Aarian Marshall is a transportation reporter at WIRED and former CityLab contributor. She lives in San Francisco.
Reminder: Bathroom infrastructure is an urgent issue.
In March, Scotland’s South Lanarkshire Council said it would close all 24 of its public toilets. “Unfortunately, as part of the Scottish Government’s financial settlement, South Lanarkshire Council has had to cut £22 million from its budget,” Council Chief Jackie Burns explained at the time. “[This] has resulted in all public conveniences in the council closing.”
Last weekend, Burns, 51, was caught peeing in the street. From Yahoo! News:
He was waiting in a taxi rank in the early hours of Saturday morning when he suddenly needed the toilet and relieved himself down a nearby lane in Hamilton town centre, Scotland.

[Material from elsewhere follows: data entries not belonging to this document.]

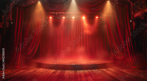 A burlesque cabaret Stage with Red Velvet Curtains, soft lighting evoking a sense of timeless, awe inspiring wonder. Generative AI.
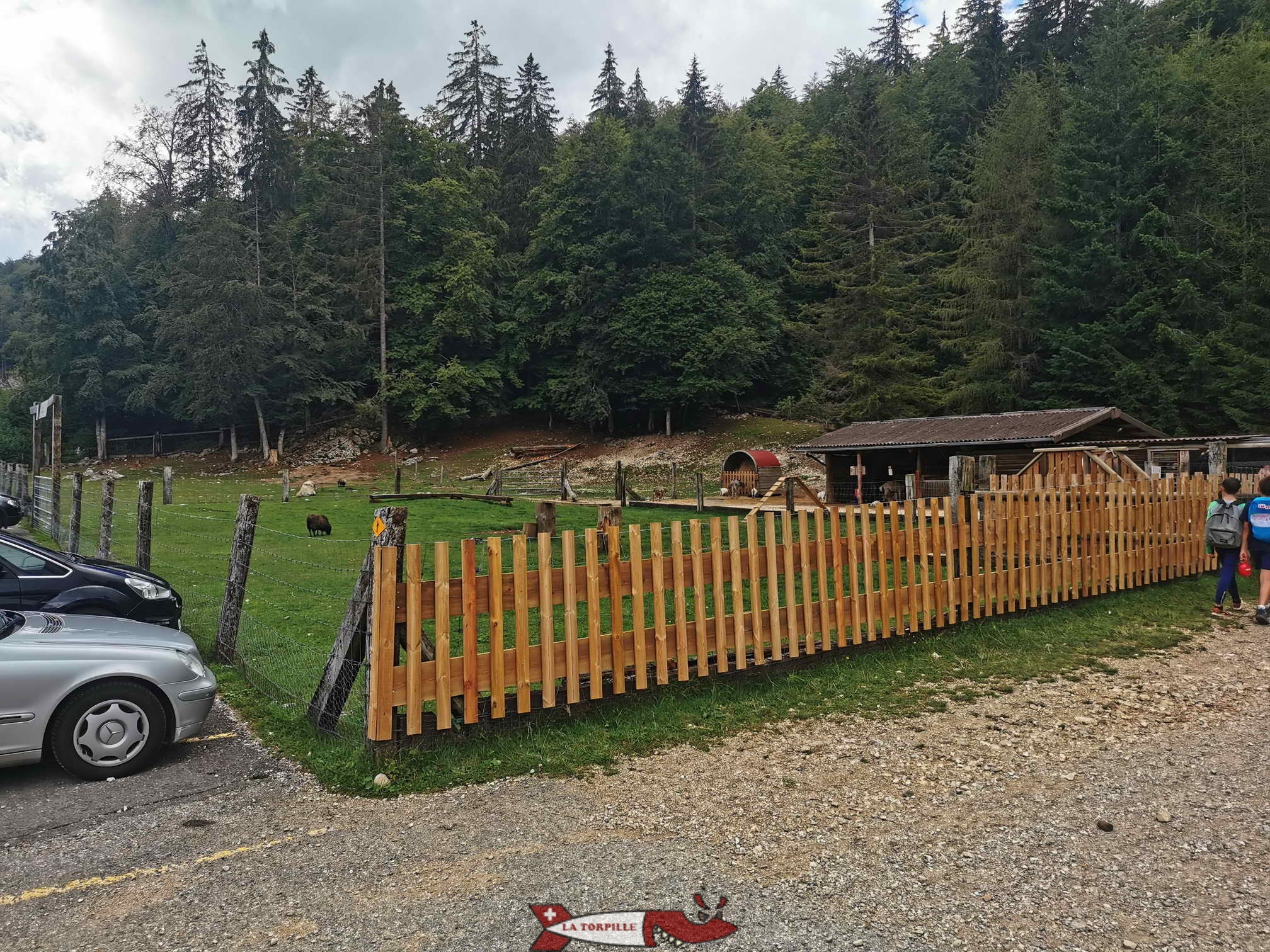 Un enclos, de l’autre côté de route par rapport à la buvette, ravira les petits enfants en leur permettant de caresser les animaux suivants :
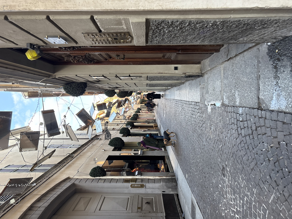 - "This image depicts a narrow cobblestone street in the city of Parma, Italy, flanked by multi-story stone buildings under a partly cloudy sky" by FM-E1hwL2, licensed under CC BY 4.0

He said: “I was approached by police, who gave me a £40 fine which I have duly paid. I am embarrassed by the incident and have apologized.”
Glory be to the gods of revenge, who hath smiled upon this 314,000-person unitary authority.
It should be noted that local community organizations said this would happen months ago. In March, the local news and politics blog Common Space spoke to Scottish Pensioners Forum chairperson Jeanette Pieper, who argued that “public loo” closures all over Scotland would severely limit mobility for the area’s older population.
“Public services are a vital facility for older people, [and] the thought of being caught short when out and about could have a devastating impact on their dignity and quality of life,” Pieper said. Welcome to old age, Councilor Burns.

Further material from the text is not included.